The aim of this study was to utilize the LH paradigm to determine whether the differential response to stress observed in the LH(-) and LH(+) groups following avoidable footshock has any influence on the inflammatory disease of AA. Adult rats of the Wistar strain were divided into LH(-) and LH(+) groups. Blood samples were taken prior to initial exposure to uncontrollable shock and 30 min following exposure to the LH stressor to determine if there was a differential corticosterone response associated with the behavioural changes. AA was induced 4 h following the LH test and the differences in behavioural response correlated with the onset and severity of inflammation. The animals were examined at regular intervals and paw volumes measured on days 0, 4, 7, 10 and 14 as an index of severity of inflammation. Trunk blood samples were collected at the end of the study for assay of corticosterone and testosterone and brains for determination of corticotrophin-releasing factor (CRF) mRNA in the hypothalamic paraventricular nucleus (PVN). Spleens and thymuses were collected for the determination of neuropeptide contents [CRF, arginine vasopressin (AVP), adrenocorticotrophic hormone (ACTH) and ß-endorphin]. If the hypothesis proposed is valid [2], a robust response to footshock would protect against the onset and severity of inflammation in AA. Conversely, an attenuated corticosterone response to stress might be predicted to be accompanied by increased severity of inflammation.


    Materials and methods
 Top
 Abstract
 Introduction
 Materials and methods
 Results
 Discussion
 References
 
General procedure
Male Wistar rats (250–300 g) supplied by the Reproduction Laboratory of the University of Cadiz were maintained on a 12 h light:12 h dark cycle with free access to food and drink. Room temperature was controlled and maintained at 21 ± 1°C. They were single caged and allowed to adapt to the experimental room for at least 1 week before the experimental procedures began. The protocol was approved by the Ethical Committee for Animal Experimentation of the School of Medicine of the University of Cadiz (licence no. 07–9604).

LH induction and blood sampling
The LH paradigm consisted of an exposure to a session of unavoidable footshock followed, after 48 h, by a performance task (conditioned avoidance training). Tail vein blood samples (0.4–0.5 ml), for subsequent corticosterone determination, were collected 24 h prior to the unavoidable footshock session (basal values), and 30 min after the LH test, to assess each animal's responsiveness to this stressor.

Induction of LH was carried out as described elsewhere [10]. Unavoidable footshock was delivered in a 20 x 12 x 10 cm chamber with Plexiglas walls and cover. The floor was made of a stainless-steel grid (1.5 cm mesh). Sixty scrambled, randomized and inescapable shocks (duration 15 s, intensity 0.8 mA, intershock interval 60 ± 20 s) were delivered to the grid floor by means of a constant current shocker.

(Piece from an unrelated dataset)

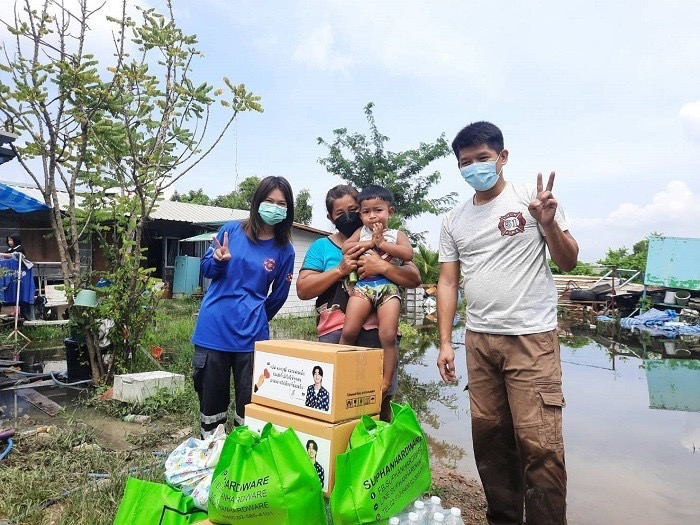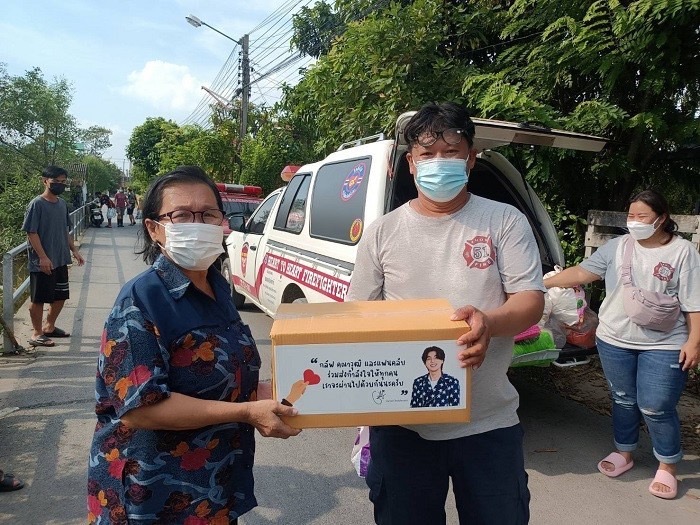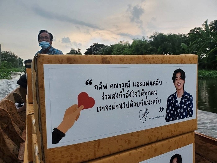 โดยกล่องปันน้ำใจจากโครงการ Gulf Charity หนุ่มกลัฟ ได้นำกล่องไปมอบให้กับมูลนิธิต่างๆ ที่ประสานงานช่วยเหลือผู้ป่วยโควิด-19 อย่างละ 100 กล่อง อาทิ มูลนิธิกระจกเงา มูลนิธิเส้นด้าย ที่มีความประสงค์เพื่อนำไปส่งต่อให้เกิดประโยชน์มากที่สุด นอกจากนี้ยังนำกล่องไปมอบให้กับชาวบ้านจังหวัดสิงห์บุรี ผ่านโครงการ “ทีมใจถึงใจคนไทยไม่ทิ้งกัน” โดยสองพี่น้องวงการบันเทิง “ฝันดี-ฝันเด่น” ที่ได้รับความเดือดร้อนจากสถานการณ์น้ำท่วมและได้รับผลกระทบจากโควิด-19 ลงพื้นที่แจกกล่องปันน้ำใจจำนวน 200 กล่องให้ รวมถึงชาวบ้านชุมชนริมคลอง อำเภอบางใหญ่ จังหวัดนนทบุรี จำนวน 100 กล่อง ที่เคยนำข้าวกล่องไปมอบให้แล้วยังขาดแคลนยังต้องการความช่วยเหลือ เพื่อให้เกิดประโยชน์กับพี่น้องคนไทยต่อไป หล่อแล้วยังจิตใจดีอีกด้วย อย่างไรก็ขอร่วมอนุโมทนาบุญกับ หนุ่มกลัฟ ในครั้งนี้ด้วยนะจ๊ะ

In order to evaluate escape and avoidance performance (conditioned avoidance training), 48 h after the inescapable shock session the animals were placed in an automated two-way shuttle-box, divided into two equal sized chambers by a Plexiglas partition with a 7 x 7 cm hole that provided access to the adjacent compartment. The animals were singly placed in the shuttle-box and subjected to 30 avoidance trials. During the first 3 s of each trial a light signal was presented. The animals were allowed to avoid shock during this period. If an avoidance response did not occur a shock (0.8 mA; 3 s) was delivered. The response required of the rat during each trial was to pass through the gate into the other compartment of the shuttle-box. The intertrial interval was 30 s. The number of escape failures was recorded during shock delivery. Rats that recorded the highest escape failures (22 or more out of the 30 trials) were included in the LH(+) group (animals that became learned helpless). Rats that recorded the lowest escape failures (five or less out of 30 trials) were included in the LH(-) group (animals that did not become learned helpless).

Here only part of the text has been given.